Exercise material
Segment Open

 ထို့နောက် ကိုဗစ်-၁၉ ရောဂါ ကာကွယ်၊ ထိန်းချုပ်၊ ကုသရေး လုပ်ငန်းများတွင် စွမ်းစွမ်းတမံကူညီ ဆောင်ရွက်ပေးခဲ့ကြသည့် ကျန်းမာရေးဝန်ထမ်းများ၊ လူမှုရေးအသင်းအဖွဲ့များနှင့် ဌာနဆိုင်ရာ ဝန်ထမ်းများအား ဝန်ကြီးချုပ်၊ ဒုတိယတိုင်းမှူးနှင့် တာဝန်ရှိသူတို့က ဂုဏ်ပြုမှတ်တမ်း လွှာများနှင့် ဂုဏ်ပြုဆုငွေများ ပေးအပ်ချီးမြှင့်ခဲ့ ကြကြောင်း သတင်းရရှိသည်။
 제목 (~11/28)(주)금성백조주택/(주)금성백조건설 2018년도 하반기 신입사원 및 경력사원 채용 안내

Segment Closed
Segment Open

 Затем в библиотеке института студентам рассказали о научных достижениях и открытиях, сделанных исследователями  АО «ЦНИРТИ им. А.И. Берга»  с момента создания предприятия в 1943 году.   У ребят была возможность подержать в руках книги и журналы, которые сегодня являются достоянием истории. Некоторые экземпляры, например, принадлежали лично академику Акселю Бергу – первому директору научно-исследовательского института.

Segment Closed
Segment Open

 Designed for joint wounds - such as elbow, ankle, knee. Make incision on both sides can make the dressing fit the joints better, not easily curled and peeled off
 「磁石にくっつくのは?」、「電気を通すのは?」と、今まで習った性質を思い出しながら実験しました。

Segment Closed

Copy the records above exactly, beginning at the line that contains "ထို့နောက် ကိုဗစ်-၁၉ ရောဂါ" and stopping after the line that contains "제목 (~11/28)(주)금성백조주택/(주)금성백조건설 2018년도".

 ထို့နောက် ကိုဗစ်-၁၉ ရောဂါ ကာကွယ်၊ ထိန်းချုပ်၊ ကုသရေး လုပ်ငန်းများတွင် စွမ်းစွမ်းတမံကူညီ ဆောင်ရွက်ပေးခဲ့ကြသည့် ကျန်းမာရေးဝန်ထမ်းများ၊ လူမှုရေးအသင်းအဖွဲ့များနှင့် ဌာနဆိုင်ရာ ဝန်ထမ်းများအား ဝန်ကြီးချုပ်၊ ဒုတိယတိုင်းမှူးနှင့် တာဝန်ရှိသူတို့က ဂုဏ်ပြုမှတ်တမ်း လွှာများနှင့် ဂုဏ်ပြုဆုငွေများ ပေးအပ်ချီးမြှင့်ခဲ့ ကြကြောင်း သတင်းရရှိသည်။
 제목 (~11/28)(주)금성백조주택/(주)금성백조건설 2018년도 하반기 신입사원 및 경력사원 채용 안내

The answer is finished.